お母さまのこと、毒で満ちた城のこと、王太子とアデルの死に顔、わたしの心の中には、いつでもわたしをどろどろとした澱の奥深くまで沈めようとする鎖が張り巡らされている。己の醜さを思い知らされているようだ。
……アルバート。
一度目の人生の終わりぎわに見た、アルバートの剣の銀の光が蘇る。鮮烈な痛みとともにわたしを解き放ってくれたあの輝きだけが、わたしの一度目の人生で見つけた清廉なものだった。
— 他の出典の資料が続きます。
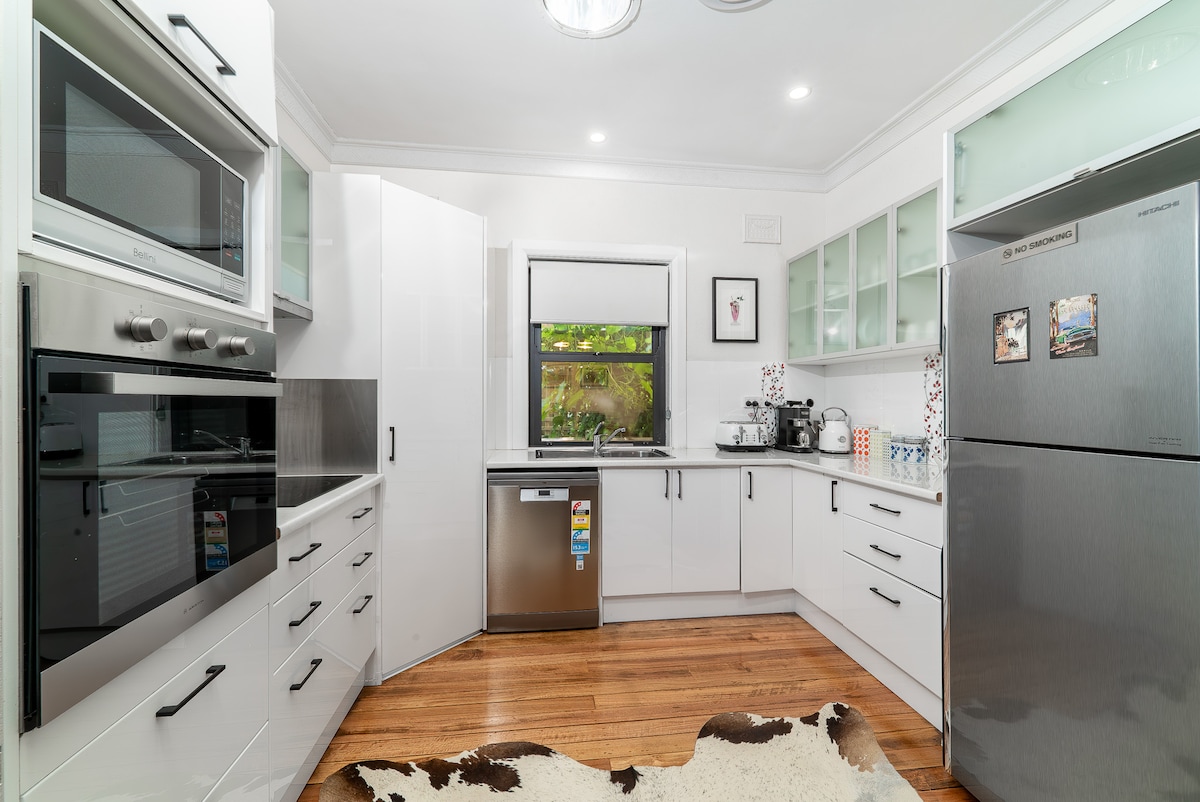 Casa de campo elegantemente renovada, con vistas a Curtis Park. A una cuadra del centro de Armidale, con restaurantes, cafeterías, pubs y supermercados a poca distancia. Armidale Farmers Market en el parque al otro lado de la calle cada segundo domingo del mes. Cocina nueva con electrodomésticos modernos (nevera de tamaño completo, lavavajillas, cocina de gas, horno y microondas), cafetera y cápsulas Nespresso, freidora de aire Internet de alta velocidad con datos ilimitados. Televisión inteligente de 65 pulgadas con Netflix El principal con baño privado Chimenea Aire acondicionado inverso
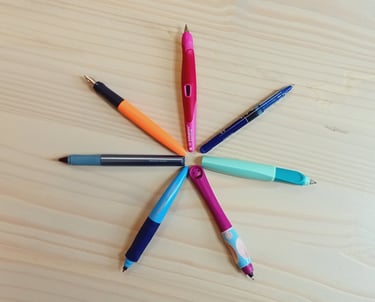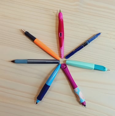 Une séance est consacrée à l'essai de différents stylos afin de trouver celui qui convient le mieux à l'élève. Mais avant cela, tout le travail est réalisé avec un crayon à papier fourni.
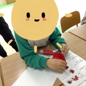 このプレゼントボックスは糸を使って作っています!糸を通したり、かた結びをするなど細かい作業にみなさんチャレンジしてくれていました!
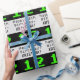 This fun and geeky birthday wrapping paper design features a large green retro computer gaming style number "12" on a black coloured background. It also features the birthday greeting message "Happy 12th Birthday,", and a customisable name. Birthday themed wrapping paper like this might be a fun way to wrap a gift or present being given to celebrate somebody’s twelfth birthday. [~Z0000403]
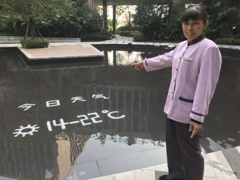 家住楼上的艾女士告诉我们,最开始发现有天气预报的时候,觉得好惊讶,心想谁弄的?超级有爱!后来我就一直观察,早上上班的时候经常看见这个阿姨在水池里摆天气预报,夏天太阳好毒嘛,一摆就是大半个小时,看起还是很心疼。现在天气冷了,希望阿姨以后戴个手套,不要冻到了。
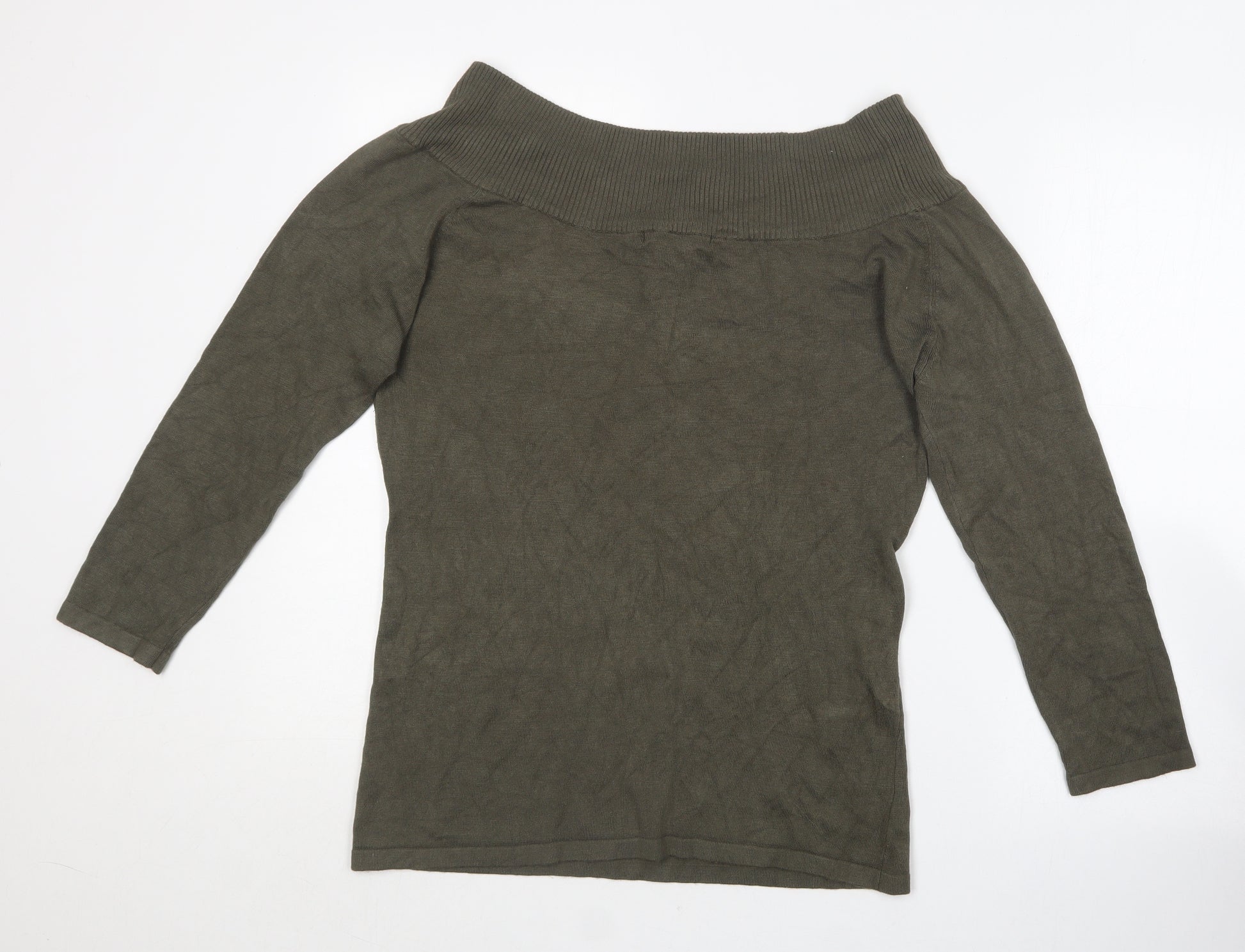 Womens Green Boat Neck Viscose Pullover Jumper Size 16
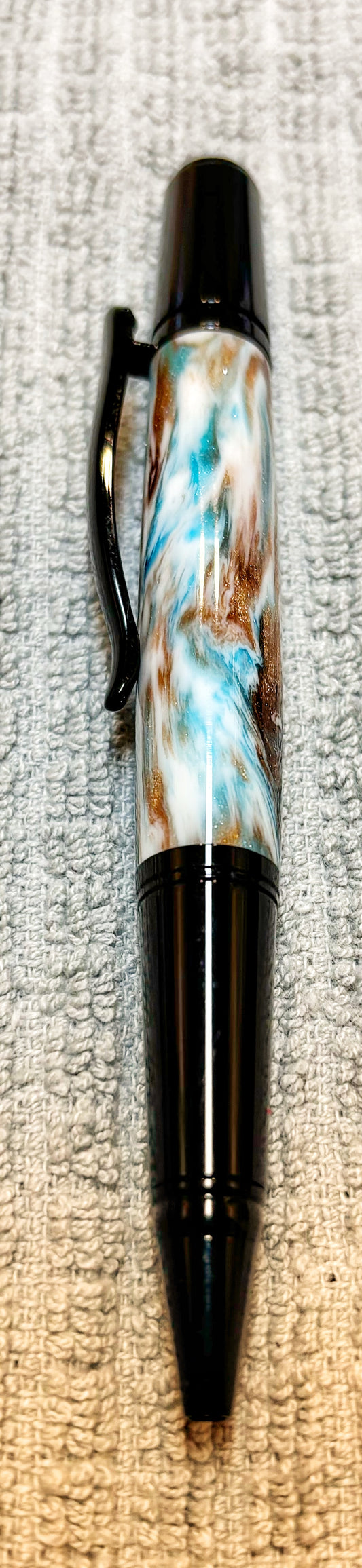 White, Blue and Copper DiamondCast Twist Ballpoint Pen

あの鋭い輝きを必死に思い出していると、ほんのすこしだけ心の翳りが打ち払われるような気がする。もやもやとした霧がわずかに晴れた場所には、アルバートやセシリアへの愛しさが静かに脈打っていた。まだ見つけたばかりで心に刻み込まれてはいないけれど、これだってわたしが自分で手に入れた大切なものだ。
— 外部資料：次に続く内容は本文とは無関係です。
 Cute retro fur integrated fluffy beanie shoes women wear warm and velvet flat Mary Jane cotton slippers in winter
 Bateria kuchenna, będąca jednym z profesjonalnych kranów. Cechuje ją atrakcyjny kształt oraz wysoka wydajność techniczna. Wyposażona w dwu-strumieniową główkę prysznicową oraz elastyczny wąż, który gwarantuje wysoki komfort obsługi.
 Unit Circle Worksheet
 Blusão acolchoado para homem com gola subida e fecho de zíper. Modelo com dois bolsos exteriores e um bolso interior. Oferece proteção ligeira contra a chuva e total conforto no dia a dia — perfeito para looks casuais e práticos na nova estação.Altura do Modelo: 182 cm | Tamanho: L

落ち込んでいる暇があったら、この愛しさを堂々と心に住まわせておけるように努力すべきだ。アデルになど、壊されてたまるものか。
……わたしがアデルの立場だったら、どうするかしら。
アデルは確実にわたしが不幸になることを望んでいる。たとえ己の利益に直結しなくても、彼女はわたしが苦しんでいるのを見られればそれでいいのだ。我が異母妹ながら本当にいい性格をしている。
今日わざわざ学園の隅の薬草小屋まで足を運んだのも、王太子との婚約で浮かれていた気持ちが一段落して、退屈してきたからなのだろう。そこでわたしを思い出して、追い詰めて遊んでやろうと思ったに違いない。
……まあ、手っ取り早いのはこれよね。
先ほど作ったばかりの魔術薬を、鞄越しにそっと撫でる。殺したぶんは救いたい、という密かな願望を遅らせることになってしまうが、仕方がない。アデルの性格上、思いついたらすぐに実行したがるだろうから、それほど長期戦にはならないはずだ。
早速今日の夕方にでも、店に顔を出そう。打てる手は早めに打っておいたほうがいい。二度目の人生を歩むわたしはもう、アデルのいいように踊らされる愚かな姉ではないのだと思い知らせてやらなければ。